- Opening Delimiter -
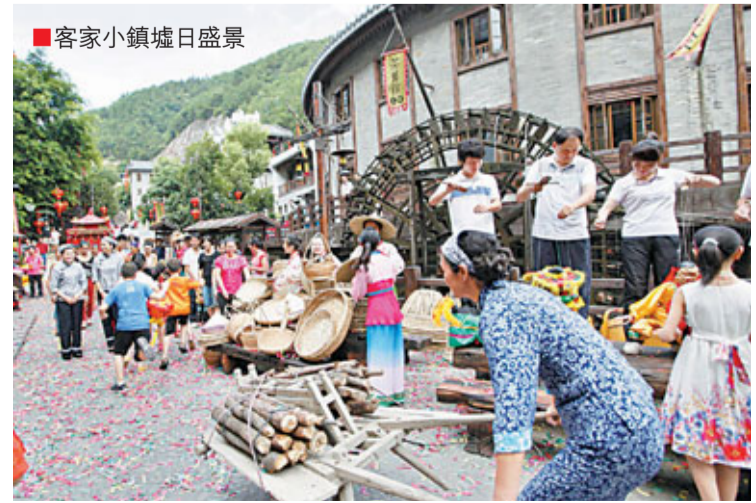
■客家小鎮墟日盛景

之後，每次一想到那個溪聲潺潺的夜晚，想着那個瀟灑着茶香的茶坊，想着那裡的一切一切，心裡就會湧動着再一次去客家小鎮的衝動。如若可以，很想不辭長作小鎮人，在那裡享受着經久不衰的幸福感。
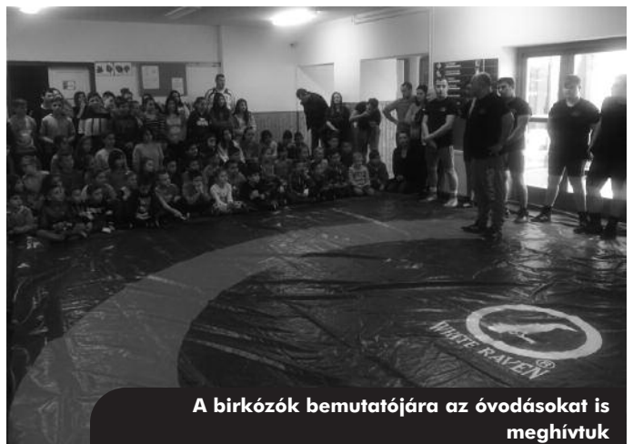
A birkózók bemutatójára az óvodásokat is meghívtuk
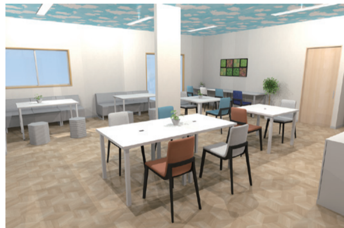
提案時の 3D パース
- Closing Delimiter -
» EXERCISE OBJECTIVE
When you restate the listing above, give each line word for word but leave out every image.

» RESPONSE FOR THIS EXERCISE
■客家小鎮墟日盛景

之後，每次一想到那個溪聲潺潺的夜晚，想着那個瀟灑着茶香的茶坊，想着那裡的一切一切，心裡就會湧動着再一次去客家小鎮的衝動。如若可以，很想不辭長作小鎮人，在那裡享受着經久不衰的幸福感。
A birkózók bemutatójára az óvodásokat is meghívtuk
提案時の 3D パース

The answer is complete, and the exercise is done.